The paper, and the choice of eye-tracker, is well motivated and a very valuable thing to investigate for the community. The paper further is well written and reasoned, and I have only some smaller comments.

I'm now very excited to see the outcome of this comparison.

Best, Benedikt Ehinger

etcomp2.0

We are currently re-using our benchmark and are in the analysis phase of comparing the ViewPixx Trackpix3 against an eyelink. Because of this, we updated & upgraded our analysis pipeline (we also made the stimulation code compatible with Octave, if this is interesting to the authors, they can contact me for the code, I dont think it is in the public repo) to new python version & packages. We identified one major breaking change (besides the typical renaming + adding documentation to the analysis functions):

The engbert mergenthaler implementation which we took from the Donner' Lab, has a bug in the code, slightly miscalculating the velocity threshold. Due to this reason, and some other more conceptual ones, in our new pipeline we switched to REMoDNaV, which is a successor in spirit of the Engbert-Mergenthaler algorithm. An argument could be made, that yet another class of event-classifier should be used (Drew & Dierkes 2024), but I think it would be ill-placed given the lab & head-fixed setup.

The improved analysis code can be found here: https://github.com/behinger/etcomp/tree/etcomp2/ . Note that we are still analyzing the data, and not all tasks have been fully analysed & ported to new versions of python. There are some drawbacks: We removed quite a bit of pupil-labs specific code, this is due to some internal misscommunication with the leading-author of that study. The authors should contact us in case they want to switch to the new pipeline so we can provide requirements/yml files we are using - we are just not there yet to have a proper project :)

Further, we introduced a reading task, given a collaboration with psycholinguists on this project - you can decide whether this is relevant/interesting for your study or not.

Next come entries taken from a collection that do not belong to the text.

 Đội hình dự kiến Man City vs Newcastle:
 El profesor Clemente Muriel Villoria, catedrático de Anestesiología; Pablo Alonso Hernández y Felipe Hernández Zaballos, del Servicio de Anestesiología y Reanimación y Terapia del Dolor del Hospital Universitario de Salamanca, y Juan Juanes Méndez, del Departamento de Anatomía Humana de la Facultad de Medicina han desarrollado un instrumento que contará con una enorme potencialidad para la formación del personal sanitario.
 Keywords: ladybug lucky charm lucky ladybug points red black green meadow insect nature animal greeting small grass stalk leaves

For us we included it mostly because it allows some ecological validity tests for reading studies - but if it tells you more than the large-grid task, I cannot say.

Minor comments

L176: You write there are calibration accuracy limits for Pupil Labs Neon, but you nowhere describe any method to identify them (see question below)

Figure 1: Nice improvements! I only found the large grid illustration confusing. Why does it not look the same as the small grids ones? It seems one point is dropping of the screen

L267: Calibration/Validation of Pupil Labs Neon. Is there no settings whatsoever that you decide per subject that could influence accuracy? And, is there no recommended validation behavior?

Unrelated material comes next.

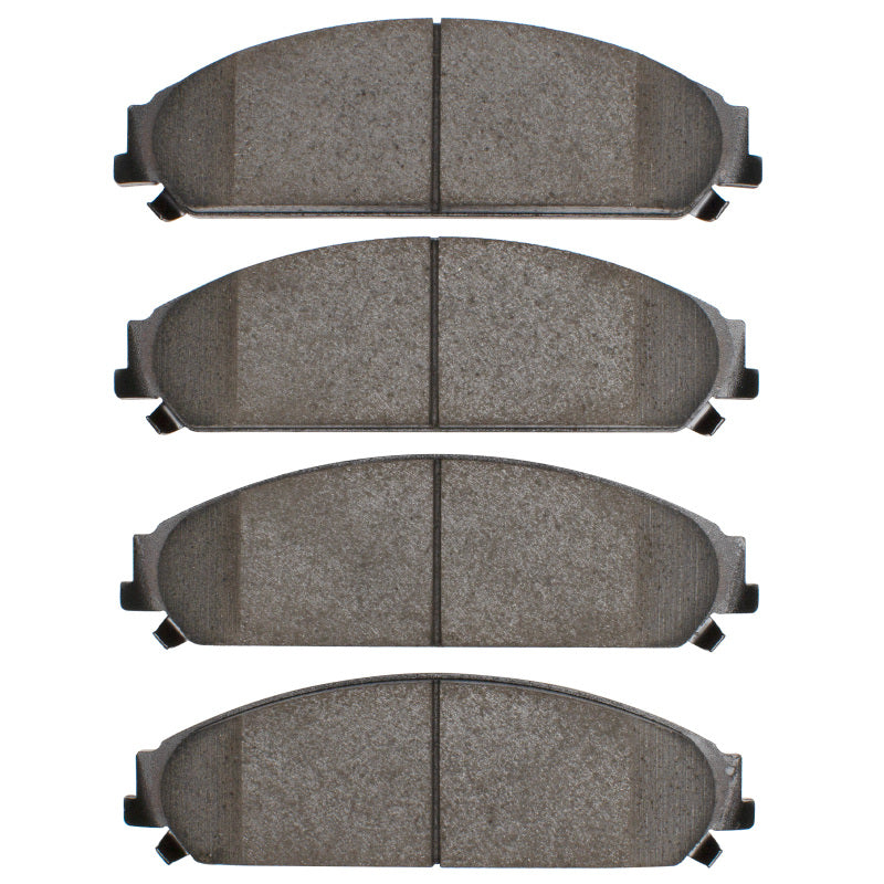 These brake pads feature advanced ceramic friction materials that provide a balance of performance, durability, and noise reduction. Ceramic compounds are known for their stable friction characteristics and resistance to fade under high temperatures, making them ideal for modern braking systems. The formulation is carefully selected to be rotor-friendly, minimizing rotor wear and preventing scoring or damage during braking.

L366: As stated above, I would probably move to remodnav due to the bug in the mergenthaler algoritm (or fix the bug)

L414: You argue to convert PupilLabs Pupil measurement to area similar to eyelink. But I would argue, that the pupil-labs 'mm' output, is the actual more interesting and relevant output. So maybe calibrating the pupil for eyelink should be the goal, rather than "deconverting" the pupil-labs output back to ellipses / areas?

L420: There is a mistake in the formula in our paper (2*atan2 should be atan2) - we have a correction request pending since January for this. sorry for the inconvenience. The code is correct though.

Open question for analysis plan: Do you (winsorized) average the accuracy values per block, then take the winsorized mean over blocks, then the (bootstraped) winsorized mean over subjects? Afaik this is how we did it. You could also disregard blocks and immediately go for subjects. Maybe I missed it in the manuscript.